Directions
Give again, exactly as written, the lines of the records below from the line with "Деревянные доски на полке в супермаркете" to the line with "Remote workers often". Both end lines count; pictures do not.

Dataset extract
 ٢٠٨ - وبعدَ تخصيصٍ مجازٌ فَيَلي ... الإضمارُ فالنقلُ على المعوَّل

---

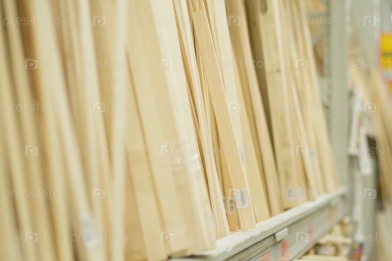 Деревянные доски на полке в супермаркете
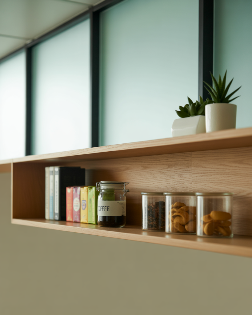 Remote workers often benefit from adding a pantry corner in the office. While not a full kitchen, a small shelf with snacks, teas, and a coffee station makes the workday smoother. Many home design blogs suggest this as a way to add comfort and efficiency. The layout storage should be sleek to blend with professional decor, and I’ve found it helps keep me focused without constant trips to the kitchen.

Solution for this exercise
 Деревянные доски на полке в супермаркете
 Remote workers often benefit from adding a pantry corner in the office. While not a full kitchen, a small shelf with snacks, teas, and a coffee station makes the workday smoother. Many home design blogs suggest this as a way to add comfort and efficiency. The layout storage should be sleek to blend with professional decor, and I’ve found it helps keep me focused without constant trips to the kitchen.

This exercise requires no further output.